Come to think of it, I may need a new letter to Justin on this. After all, this SNC thing is killing him. He needs to change the conversation, rescue the oil patch and get some positive mojo going in his favour – there’s an election coming after all.

 

So Justin, bring back the income trust. For energy companies only. Renewable and Fossil.

 

It’ll work.

 

Trust me. When have I ever steered you wrong?

 

Who’s with me?

 

Prices as at March 15, 2019 (March 8, 2019)

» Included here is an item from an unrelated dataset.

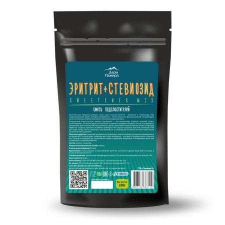 Кристаллический порошок белого цвета с приятным и нежным вкусом, лёгким холодящим эффектом. Сладость эритрита составляет примерно 70% сладости сахарозы, при этом стеивозид в 300 раз слаще сахара.

  • The price of oil was up this week on lowered production and supply concerns.
    • Storage posted a decrease
    • Production was down
    • The rig count in the US was down marginally
  • Withdrawals from storage were much higher than anticipated for natural gas. The market was unmoved
  • WTI Crude: $58.36 ($55.96)
  • Western Canada Select: $47.69 ($45.05)
  • AECO Spot *: $2.70 ($3.40)
  • NYMEX Gas: $2.790 ($2.858)
  • US/Canadian Dollar: $0.7500 ($0.7434)

 

Highlights

  • As at March 8, 2019, US crude oil supplies were at 449.1 million barrels, a decrease of 3.9 million barrels from the previous week and 18.1 million barrels above last year.
    • The number of days oil supply in storage is 28.2 compared to 26.9 last year at this time.
    • Production was down for the week at 12.000 million barrels per day. Production last year at the same time was 10.381 million barrels per day.
    • Imports fell from 7.001 million barrels to 6.746 million barrels per day compared to 7.585 million barrels per day last year.
    • Exports from the US fell to 2.546 million barrels per day from 2.803 million barrels per day last week compared to 1.487 million barrels per day a year ago
    • Canadian exports to the US were 3.553 million barrels a day, up from 3.047
    • Refinery inputs rose during the during the week to 16.020 million barrels per day
  • As at March 13, 2019, US natural gas in storage was 1.186 billion cubic feet (Bcf), which is about 32% lower than the 5-year average and about 23% less than last year’s level, following an implied net withdrawal of 204 Bcf during the report week
    • Overall U.S. natural gas consumption fell 19% during the report week
    • Production for the week was flat. Imports from Canada decreased 11% from the week before. Exports to Mexico decreased 1%
    • LNG exports totaled 39.4 Bcf
  • As of March 15, 2019, the Canadian rig count was down 28 at 161 (AB – 116; BC – 15; SK – 27; MB – 2; Other – 1. Rig count for the same period last year was 219.
  • US Onshore Oil rig count at March 15, 2019 is at 833, down 1 from the week prior.
    • Peak rig count was October 10, 2014 at 1,609
  • Natural gas rigs drilling in the United States remained flat at 193.
    • Peak rig count before the downturn was November 11, 2014 at 356 (note the actual peak gas rig count was 1,606 on August 29, 2008)
  • Offshore rig count was unchanged at 22.
    • Offshore peak rig count at January 1, 2015 was 55

US split of Oil vs Gas rigs is 80%/20%, in Canada the split is 68%/32%

Trump Watch: First veto of his presidency to support his border wall! Very exciting. Oh, and a pretty brutal budget.